栖梧站在院内,看着零落的尸身,还很新鲜,还没有引来蚊虫。他习惯斜头看去,头发并未梳起发髻,也不想梳洗。院中花草石路上,静静的躺着两个人的身体,而凶手矗立凝望,心中无悲无喜,没有任何感触。

        他静站许久,目光下垂,终于开始动弹,看着曾经熟悉的院落竹楼,他面无表情,仿佛像一滩不曾流动不曾荡起波澜的死水。

        时光静谧的在他身上流逝,也不知道他在等着什么,期待会发生什么,只是久久的,呆滞在原地,只剩下风吹过竹条的声音。
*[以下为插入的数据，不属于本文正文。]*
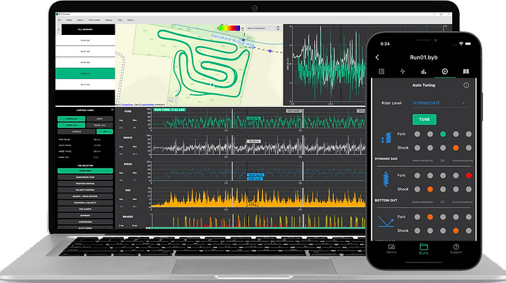 Zou je ook eens gebruik willen maken van dezelfde telemetrie technieken die de professionele race-teams gebruiken? Het is nu mogelijk om je vering met uiterste precisie te analyseren. Het telemetrie systeem werkt door het monteren van sensoren op de voorvork en schokbreker, deze meten continue de positie van de vering. Een GPS sensor legt de positie op de baan vast.

        太阳渐渐爬上正中,栖梧神色淡淡,便试了一个火术,那木制的小屋碰触到几个火花,那干燥的木墙,干草做的屋顶一点即燃。火焰咆哮着,迫不及待的吞并疆土企图把能烧的地方全部覆盖。小小的屋子浓烟四起,不断扭曲,火焰夹着风声呼啸而来。

        栖梧小小的个子便扛起两具尸体,用力一甩,便丢到了火海之中。火焰被两个躯体打的似乎消停一下,随机便是更猛烈的燃烧。火光映照着他的脸,他并未可以避开着热度,偶尔几个火花炸开噼啪声,溅到他身上脸上,他丝毫不躲闪,只定定的看着,任由被炙烤的油光满面。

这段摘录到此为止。